What Does It Mean To Be a Hero?

Updated: Mar 8

a hero

is one who heals

their own wounds

and then shows others

how to do the same

- yung pueblo


I like this poem by yung pueblo. I happen to like a lot of his work and follow him on Instagram. It resonates with me because I've been in situations where I've paid for support services only to find that the individual still needed to do some work on themselves. The one thing I've learned over the last twelve years is to allow others to have their moments without shame. Although this experience cost me a significant amount of money, I learned the importance of being truly healed. A truly healed person quickly recognizes trigger moments to correct in an interpersonal situation. Sometimes it requires us to cry behind closed doors, journal until all the garbage is captured, take a few days to process with a safe person or professional support. It's not easy, but that is being a hero. To have healed substantially, or know when to put your baggage aside for that moment.

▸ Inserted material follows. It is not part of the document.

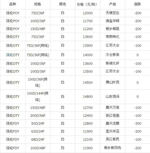 2013年03月15日浙江長興輕紡市場滌絲價格行情及漲跌

I was recently asked during an interview, "What is your hero story?" I was taken back by the question since I do not consider myself a hero, nor would I think anyone in healthcare necessarily a hero. We are people of service. We choose to be of service to others.

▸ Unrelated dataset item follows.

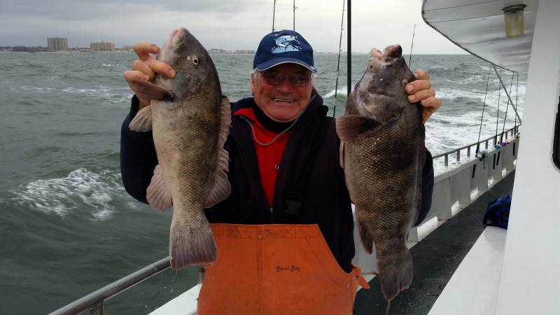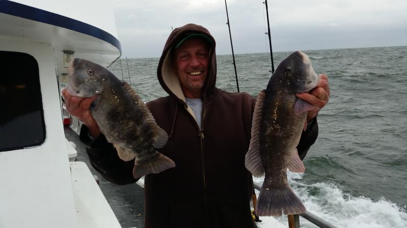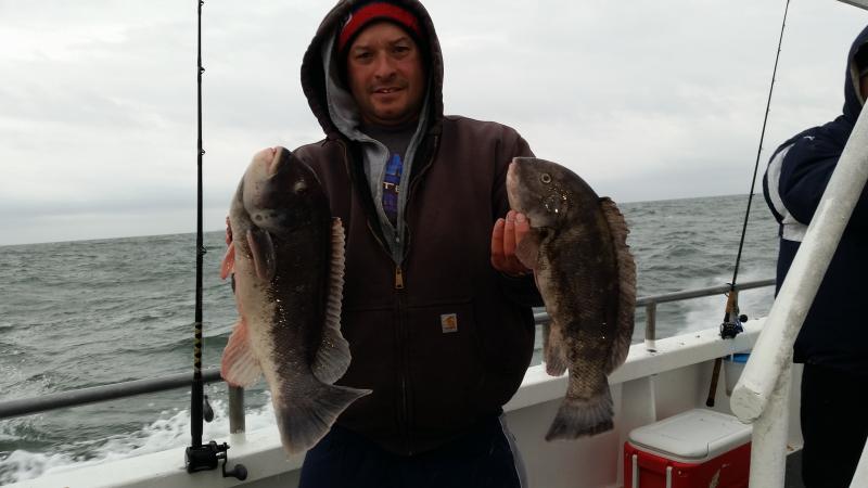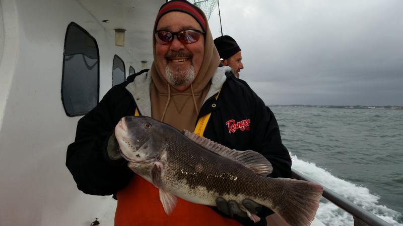 12-5-14 Cranky ocean today,,it blew pretty good out of the east and the seas averaged 6-8 feet all day with an occasional rogue wave mixed in....Fishing was good regardless,,Blackfish Bobby took down the pool with a Jumbo male Tog that went 11lbs.12 oz...He had his limit and busted off some other slobs....Some others also did very well,,,Joe and Kenny almost had a double limit of nice blackfish each,,,they were doing everything right today,,I know they to busted off some pigs,,, and in the back Bobby and Willy had just about a limit each,,some guys maybe one or two etc....but still some guys were not dialed in and struggled,,it was not easy today with the way the boat was dipping and weaving...Either way we had a nice catch overall..White crabs worked best today and tomorrow they are just calling for some rain and no wind so we are looking good,,see ya in the morning...pics.

My response? I stated that I wasn't sure "hero" was a term I would use. It made me feel uncomfortable since I associate it with "saving" people. However, this is not uncommon in some service jobs. Many people want, and I consider to be heroes and save people's lives, like a police officer, our fire fighters, and other professionals. But my function in social work is to support an individual; we design support plans, set goals, and have small successes built around the notion that a client can move on to live as independently as possible.

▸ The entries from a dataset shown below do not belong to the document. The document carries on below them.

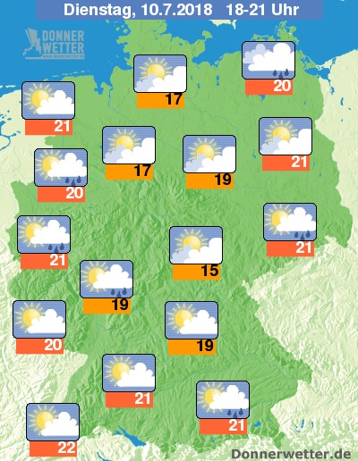 Heute Nachmittag ist es über dem Land meist stark und zum Teil aufgelockert bewölkt, dabei bilden sich im Süden und Nordwesten gebietsweise Schauer und mögliche Gewitter, auch im Norden sind einzelne Schauer möglich, sonst bleibt es weitgehend trocken. Die Temperatur liegt bei teils nur 13 Grad in Schleswig-Holstein und bis 22 Grad in München.
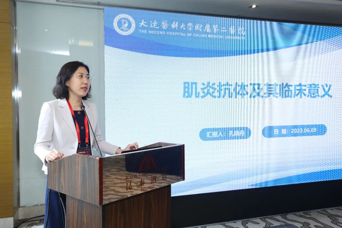 在第一届协和-华西自免论坛会议中,有来自全国各地的多位风湿领域内知名专家教授,进行了精彩的专题学术报告,分别从自身抗体检测的多种项目、各个方面进行了系统介绍。其中大连医科大学附属第二医院风湿免疫科孔晓丹主任分享了肌炎相关自身抗体的检测及临床应用提到:临床对于肌炎特异性抗体的需求非常大,间质性肺病患者,使用他汀类降脂药物治疗的患者,其它自免肌病患者都可以进行检测。
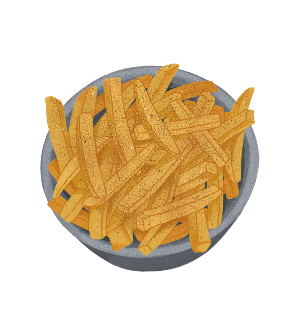 Siden 1600-tallet har belgiere, franskmænd, tyskere og spaniere kæmpet om ophavsretten til de stegte, aflange kartoffelskiver, for pomfritten er – lad os nu være ærlige – en opfindelse på niveau med hjulet. Ét stykke kartoffel. Så mange muligheder. Grove? Tynde? Bølgede? Salt eller rigtig meget salt? For slet ikke at tale om dyppelse!

For many reasons, my clients are with me. Something or someone has failed them for much of their lives, and that's not their fault; it's part of the bigger picture we call life. The heroes are my clients, not the other way around. They are the ones who continue to fight. Whether it's addiction, poverty, or mental illness, they keep trying. Struggling and healing, clients show me that we can overcome obstacles when life has not left us feeling so great.